The Swollen rivers we see are fed by seasonal streams and the streams are fed by brooks and the brooks by channels flowing from private land.

Rain water should be harvested at the point where the drop hits the ground. The objective should be to collect the water on the surface or force it to sink into the ground.

When rainwater percolates on the ground, it becomes moisture for plants, when it goes further deeper it recharges shallow wells, springs, swamps, and even boreholes.

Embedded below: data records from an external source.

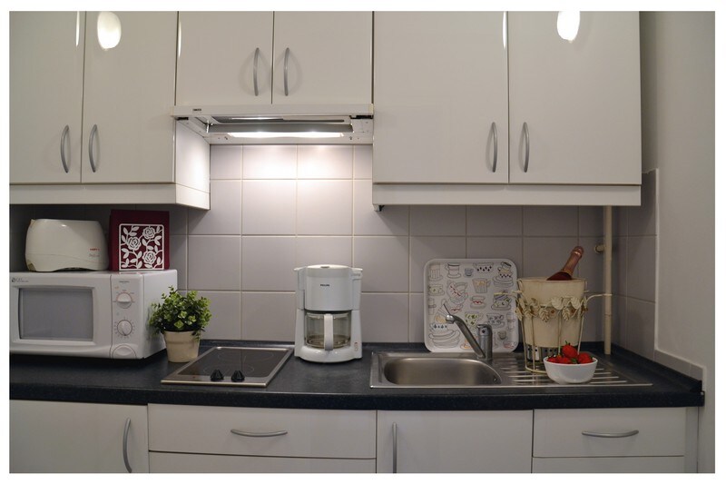 Az aparmnan a földszinten van. Van benne 2 hálószoba, nappali, konyha és fürdőszoba WC-vel bidével. A lakás belső kétszintes. A teljes terület 60 négyzetméter két emeleten. A bejárat, a nappali, a konyha és a fürdőszoba a földszinten található. Az emeleten van egy nagy hálószoba és egy kisebb hálószoba. Ezeknek a szobáknak közös ajtójuk van, így a két szoba egymásból nyílik. A lakásban lépcső van, ami kissé meredek, ezért ittasak időseknek és mozgáskorlátozottak számára nem ajánlott!
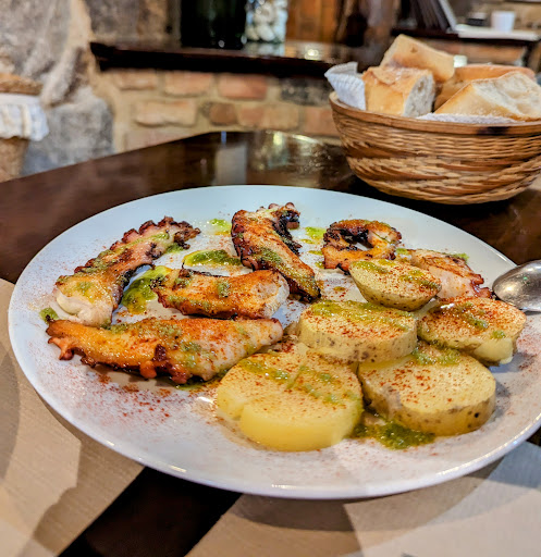 Read morePaseando por Baiona descubrimos esta pequeña taberna escondida en una de las estrechas callejuelas del centro, con muy pocas opiniones pero con una decoración preciosa, eran ya casi las 13:00 y decidimos pasar a comer, estaba todo reservado pero una simpática camarera nos indico que si comíamos ya nos podía buscar una mesa para dos. En cuanto a la calidad de la comida...todo está buenísimo, el pulpo a la brasa en su punto, bien tierno y jugoso, la carne con mucho sabor y poco hecha como habíamos pedido. Quedamos encantados, el precio muy bien para la cantidad y calidad...
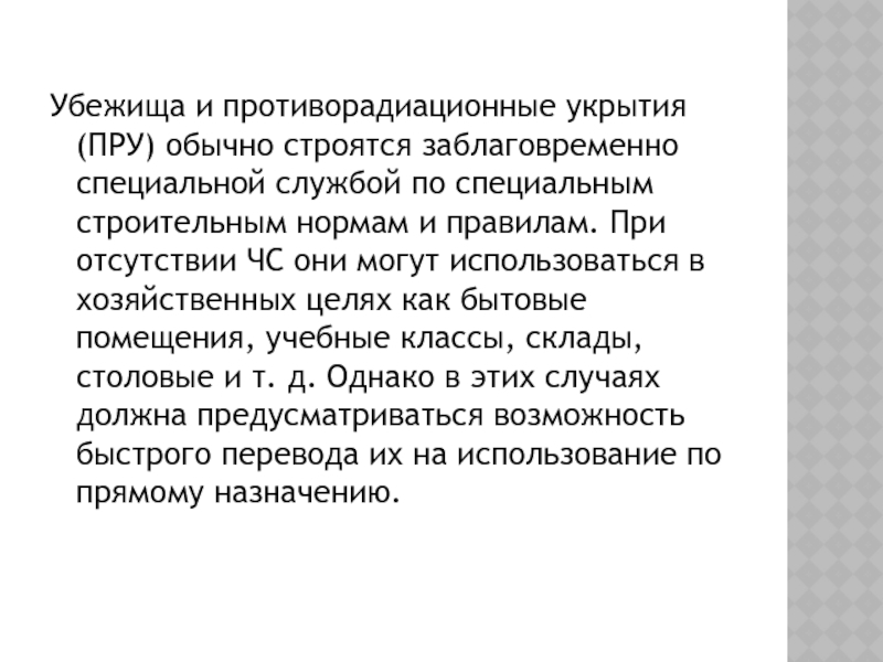 Слайд 22Убежища и противорадиационные укрытия (ПРУ) обычно строятся заблаговременно специальной службой по
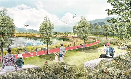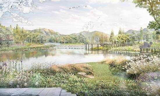 记者了解到,公园东侧坐落着狮子山观音寺,建成后园内可俯瞰水系景观,园外则可远眺风田水库。公园整体构建“一核、三带、八景”的空间架构。“一核”是环湖休闲核;“三带”分别为佛禅文化带、生态修复带及城市活力带;“八景”为林中禅寺、丹崖观海、草甸仙踪、水绕山转、苇间山镜、山水坐莲、半山飘台以及乐活湾区。
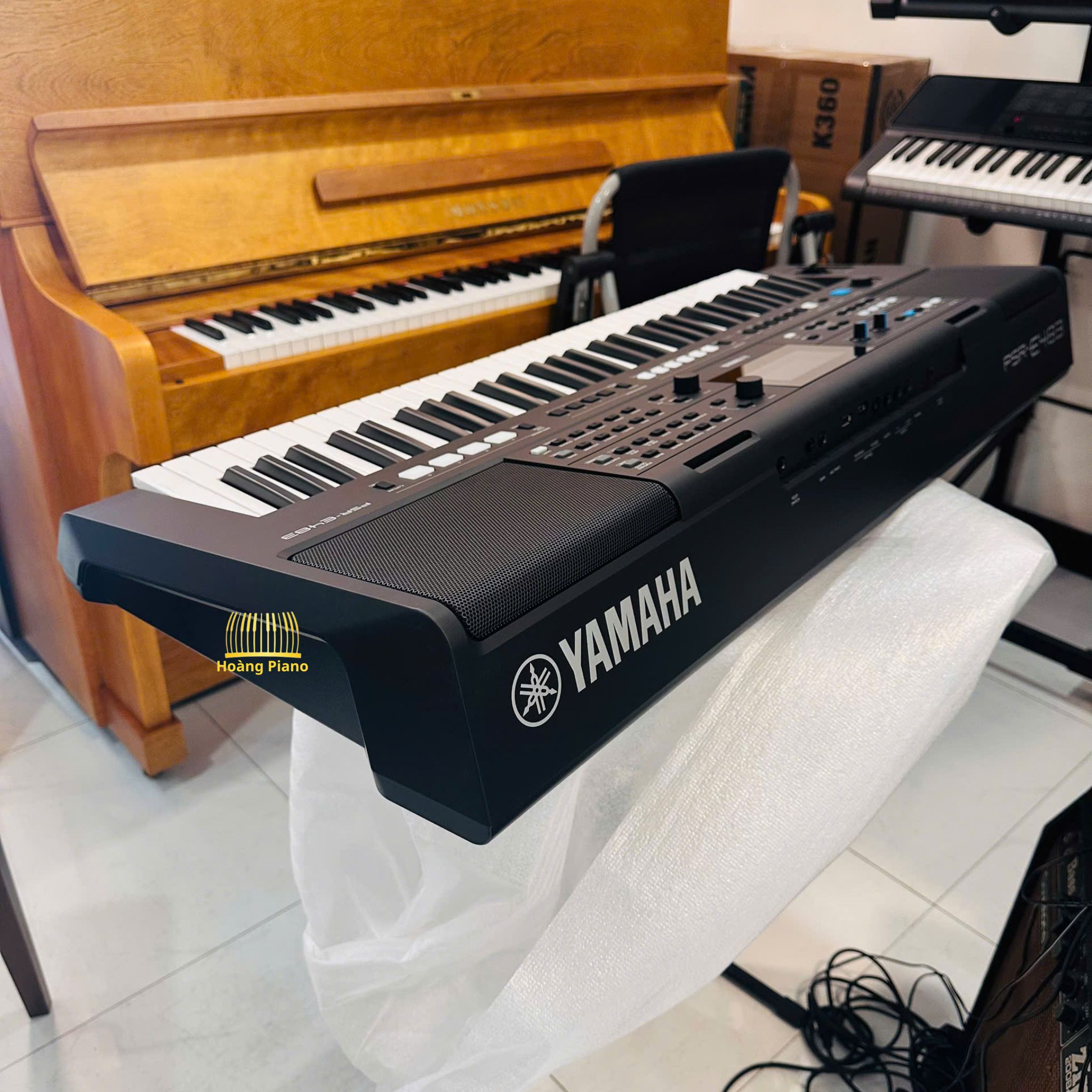 Yamaha PSR-E483 có thiết kế trẻ trung, hiện đại với tông màu đen mạnh mẽ, phù hợp với nhiều không gian khác nhau như phòng học, phòng khách hay sân khấu nhỏ. Thân đàn gọn gàng, trọng lượng nhẹ giúp việc di chuyển và lắp đặt trở nên thuận tiện. Bảng điều khiển được bố trí khoa học, các nút chức năng rõ ràng, dễ sử dụng ngay cả với người mới bắt đầu.
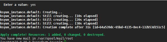 执行 terraform plan 查看部署计划,这里参数前面的+代表新添加的资源,当销毁资源时,参数前面对应的符号会变为-;更改一些参数需要重新部署资源时,该资源前面的符号为-/+。
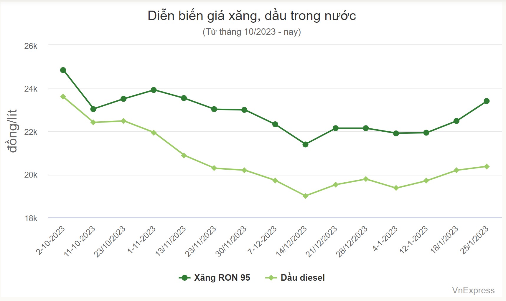 Trước đó, giá bán lẻ xăng dầu phổ biến trên thị trường (vùng 1) như sau: xăng RON 95-V 23.270 đồng/lít, xăng RON 95-III 22.480 đồng/lít, xăng E5 RON92 21.410 đồng/lít, dầu diesel 20.190 đồng/lít, dầu hỏa 20.530 đồng/lít và dầu mazut 15.500 đồng/kg.

Urban dwellers are happy to have running taps. Much of this water comes from boreholes. No one is thinking of recharging the aquifers, some deliberate action is urgent.

Stormwater is very easy to manage at a small scale but when it accumulates it overwhelms everyone including the government.

Some stormwater harvesting techniques include digging doughnut rings around trees, terraces, and contours as well as ponds in farmlands. Any method that stops water runoff is good enough.

Maybe we need to borrow a leaf from India’s Miracle water villages, their stories are popular on the internet. Through a farming method known as permaculture, rural communities have come together to recover wastelands.

By digging contours and terraces up the hills, they have revived water streams that had long dried up. Communities that were surviving on aid two decades ago are now living in bounty.

I remember my days growing up in the village, there used to be Agricultural extension officers. One of the key roles of the officers was to advise on the prevention of soil erosion.

I remember how they used to direct the digging of terraces and benches. It was an offence to defy their orders.

This is the best national and county governments can do, mobilize communities to manage water runoffs. The government will not enter private land and start harvesting water, maybe it is illegal, or maybe it has no resources.

The reality of climate change has dawned on us, we can’t blame others while we do nothing. For those who are believers, I take you back to the beginning. The instructions were, to multiply and fill the earth, secondly subdue the earth.

Get your hands dirty, subdue your earth, and make a little Israel out of your space.

Faustin Mwinzi is a lecturer at KCA University.